Records excerpted from a collection:
----
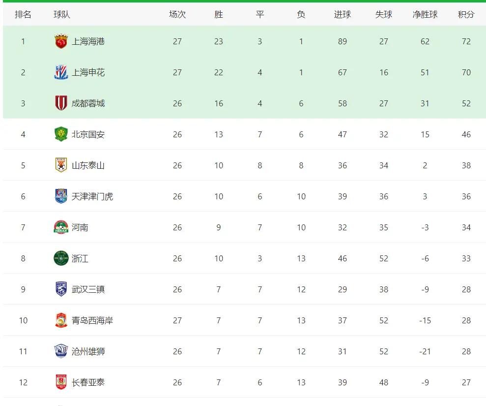 最新积分榜,海港以72分高居榜首,而申花以两分之差屈居第二,中超冠军到赛季的最后阶段争夺与已经完全白热化
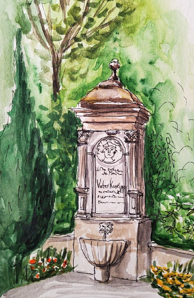 Today I made a little trip to the town of Bad Wörishofen, a health resort in the Allgäu region, about a 30-minute drive from Augsburg. Since there still aren’t any spa guests because of the corona crisis, I spent three very quiet and relaxing hours in the beautiful spa gardens, walking and sketching. At the entrance to the gardens this fountain is dedicated to the priest Sebastian Kneipp, who, in the 19th century, treated patients here with his water cure.
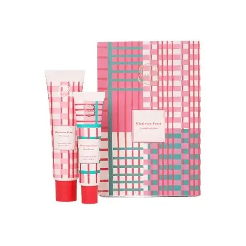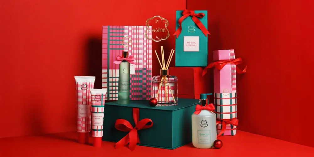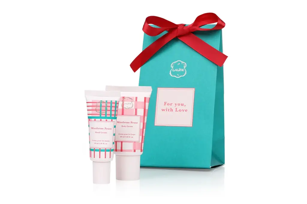 コレクションのビジュアルは、幸運の象徴であるミスルトゥ(ヤドリギ)をモチーフに、赤とピンクのチェックで彩られたホリデー限定デザインが特徴です。ギフトとしての魅力を意識したパッケージは、贈り物として渡したときに冬らしい温かみを伝える意匠になっています。
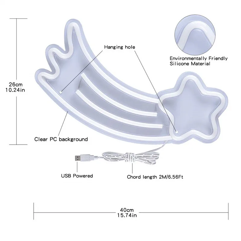 Неоновый светодиодный светильник Meteor s, вечерние неоновые вывески, настенный подвесной светильник для магазина, окна, художественные стены, Рождественский Декор, цветная неоновая лампа с питанием от USB
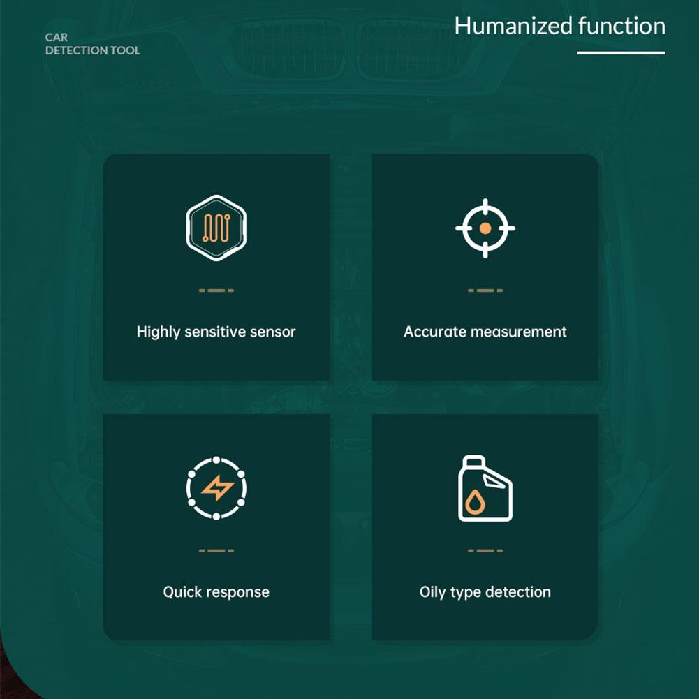 Ручка обнаружения тормозной жидкости основана на изменении проводимости для определения влажности тормозной жидкости. Он четко показывает степень влажности, содержащую светильник-излучающий диод, высокое содержание влаги приведет к более низкой температуре кипения, влияет на эффективность торможения. Красный цвет означает, что Тормозная жидкость нуждается в немедленном замене, зеленый цвет представляет хорошее состояние, желтый цвет означает, что состояние приемлемо, но вскоре заменяется. 1, зеленый светодиодный индикатор = содержание воды в тормозной жидкости H2O <1.5%, Тормозная жидкость квалифицирована 2, желтый светодиодный индикатор = содержание тормозной жидкости H2O = 1.5%-3%, может продолжать использовать, тест снова через шесть месяцев 3, Красный светодиодный индикатор = содержание воды в тормозной жидкости H2O> 3%, не может продолжать использовать тормозную жидкость должен быть заменен красный светодиодный: изменение тормозной жидкости 4, светодиодный мигающий красный: Замена батареи 5, светодиодный желтый: низкое содержание влаги, проверка снова в течение шести месяцев 6, светодиодный зеленый: линии тормозной жидкости/элемент Ряд
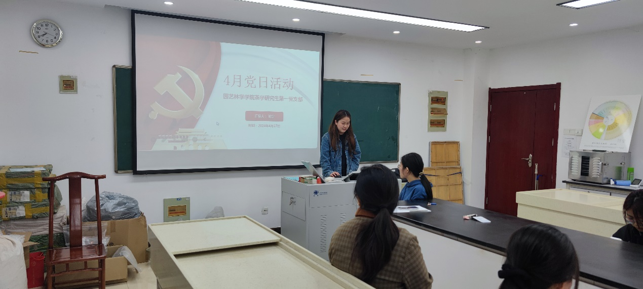 4月17日,茶学研究生第一党支部在园林北楼115会议室开展“树牢总体国家安全观”主题党日学习活动,会议由党支部书记姚宁同志主持。
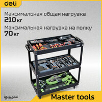 Deli Тележка инструментальная Deli DL433023, трехсекционная на колесах, до 210 кг, черный (700мм, 350мм, 760мм): сравнение цен, характеристики, фото, актуальное наличие и цены.
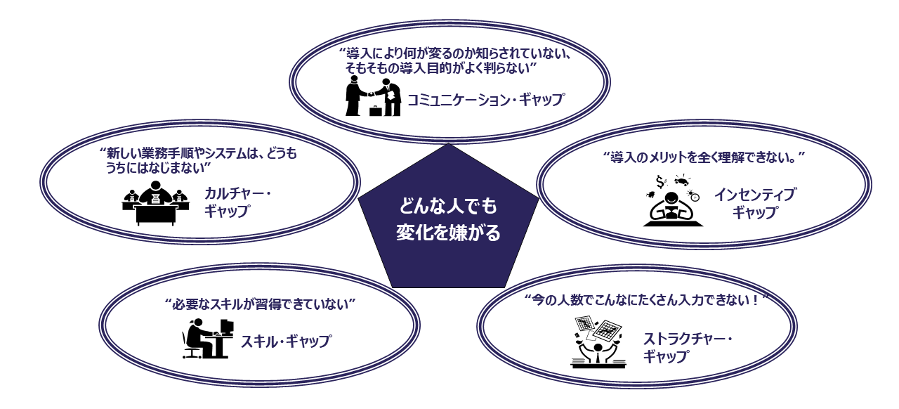 BPRなどの変革の現場で挙がってきた声は下記のように分類され、それらのギャップが変革に対する抵抗要因となります。
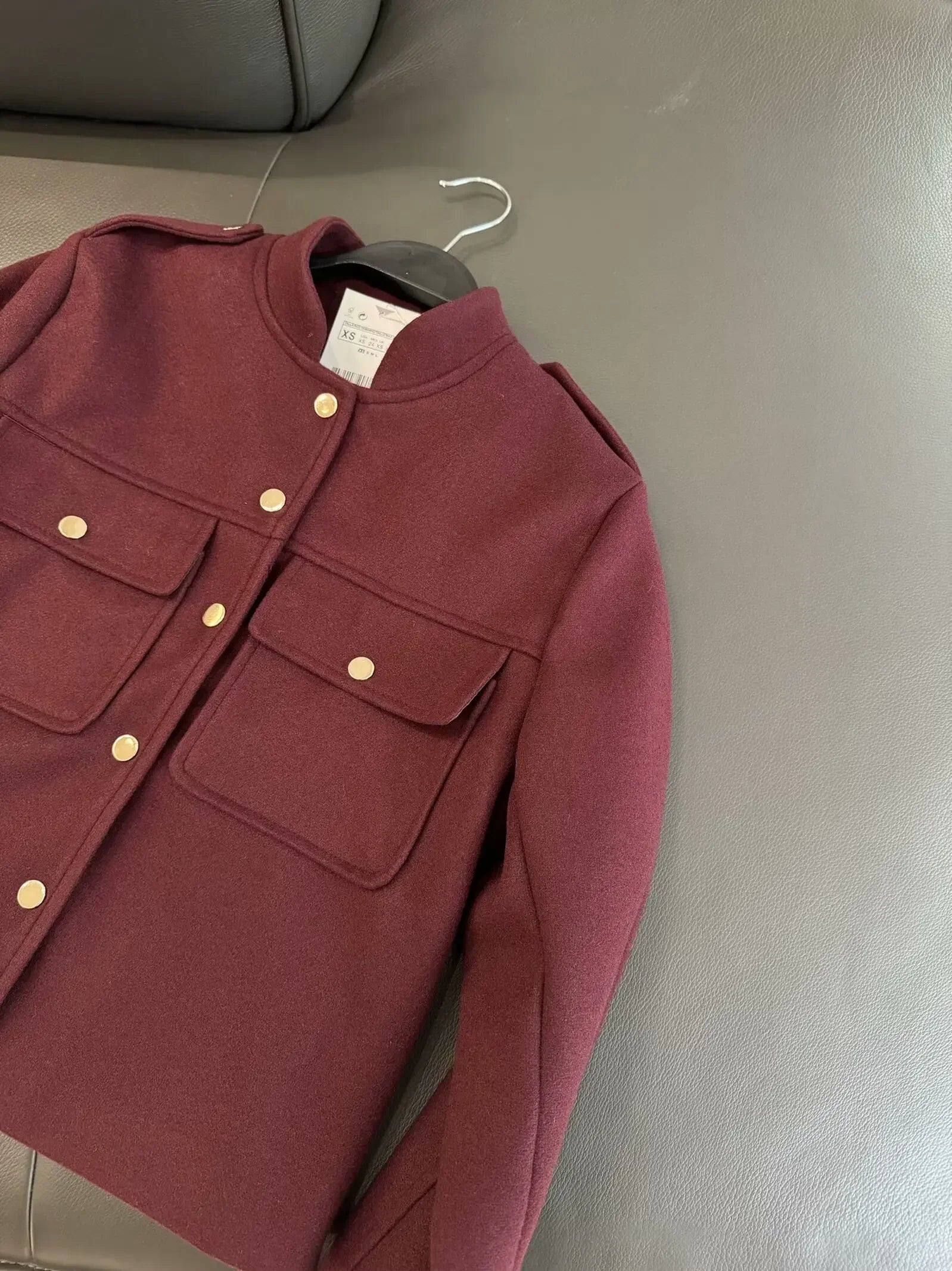 Women's new Fashion flip pocket decoration short single breasted soft texture Jacket retro long sleeved women's Coat chic top
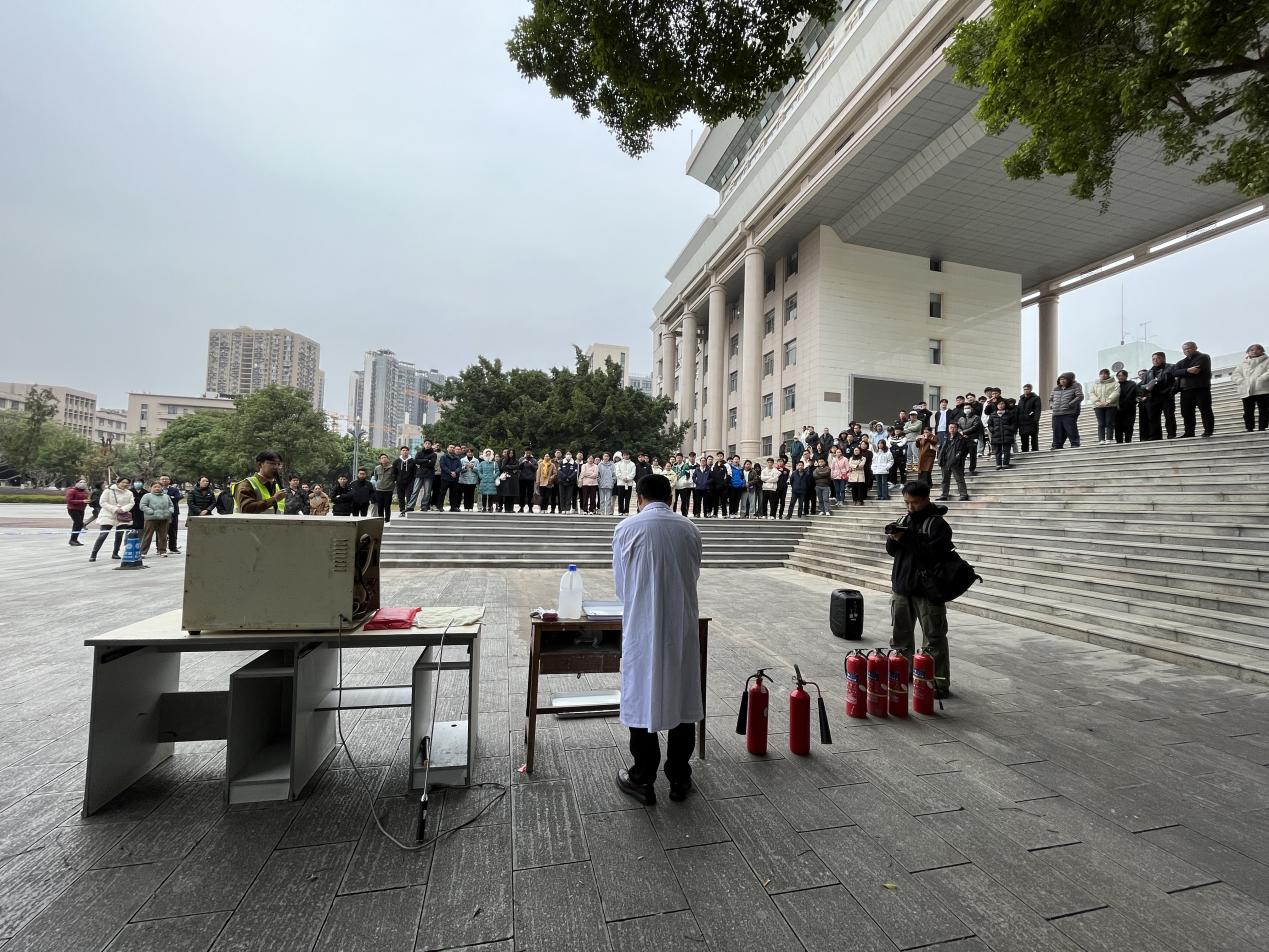 随后,活动第二个环节加热设备自燃着火演练在综合楼南面广场开展。由于通风干燥箱长时间加热或易燃物品违规加热易引发着火事故,且此类小事故在学校仍偶有发生,掌握正确的灭火方法对预防大事故极为关键。演练中,老师示范了加热设备着火场景并进行安全演练讲解,师生们现场模拟了面对“火情”迅速反应,熟练运用各类灭火器材进行扑救,有效提升了应对此类突发状况的实操技能。
----
(Exercise requirements) Once the pictures are set aside, give every line above again without alteration.

(Response to the exercise)
 最新积分榜,海港以72分高居榜首,而申花以两分之差屈居第二,中超冠军到赛季的最后阶段争夺与已经完全白热化
 Today I made a little trip to the town of Bad Wörishofen, a health resort in the Allgäu region, about a 30-minute drive from Augsburg. Since there still aren’t any spa guests because of the corona crisis, I spent three very quiet and relaxing hours in the beautiful spa gardens, walking and sketching. At the entrance to the gardens this fountain is dedicated to the priest Sebastian Kneipp, who, in the 19th century, treated patients here with his water cure.
 コレクションのビジュアルは、幸運の象徴であるミスルトゥ(ヤドリギ)をモチーフに、赤とピンクのチェックで彩られたホリデー限定デザインが特徴です。ギフトとしての魅力を意識したパッケージは、贈り物として渡したときに冬らしい温かみを伝える意匠になっています。
 Неоновый светодиодный светильник Meteor s, вечерние неоновые вывески, настенный подвесной светильник для магазина, окна, художественные стены, Рождественский Декор, цветная неоновая лампа с питанием от USB
 Ручка обнаружения тормозной жидкости основана на изменении проводимости для определения влажности тормозной жидкости. Он четко показывает степень влажности, содержащую светильник-излучающий диод, высокое содержание влаги приведет к более низкой температуре кипения, влияет на эффективность торможения. Красный цвет означает, что Тормозная жидкость нуждается в немедленном замене, зеленый цвет представляет хорошее состояние, желтый цвет означает, что состояние приемлемо, но вскоре заменяется. 1, зеленый светодиодный индикатор = содержание воды в тормозной жидкости H2O <1.5%, Тормозная жидкость квалифицирована 2, желтый светодиодный индикатор = содержание тормозной жидкости H2O = 1.5%-3%, может продолжать использовать, тест снова через шесть месяцев 3, Красный светодиодный индикатор = содержание воды в тормозной жидкости H2O> 3%, не может продолжать использовать тормозную жидкость должен быть заменен красный светодиодный: изменение тормозной жидкости 4, светодиодный мигающий красный: Замена батареи 5, светодиодный желтый: низкое содержание влаги, проверка снова в течение шести месяцев 6, светодиодный зеленый: линии тормозной жидкости/элемент Ряд
 4月17日,茶学研究生第一党支部在园林北楼115会议室开展“树牢总体国家安全观”主题党日学习活动,会议由党支部书记姚宁同志主持。
 Deli Тележка инструментальная Deli DL433023, трехсекционная на колесах, до 210 кг, черный (700мм, 350мм, 760мм): сравнение цен, характеристики, фото, актуальное наличие и цены.
 BPRなどの変革の現場で挙がってきた声は下記のように分類され、それらのギャップが変革に対する抵抗要因となります。
 Women's new Fashion flip pocket decoration short single breasted soft texture Jacket retro long sleeved women's Coat chic top
 随后,活动第二个环节加热设备自燃着火演练在综合楼南面广场开展。由于通风干燥箱长时间加热或易燃物品违规加热易引发着火事故,且此类小事故在学校仍偶有发生,掌握正确的灭火方法对预防大事故极为关键。演练中,老师示范了加热设备着火场景并进行安全演练讲解,师生们现场模拟了面对“火情”迅速反应,熟练运用各类灭火器材进行扑救,有效提升了应对此类突发状况的实操技能。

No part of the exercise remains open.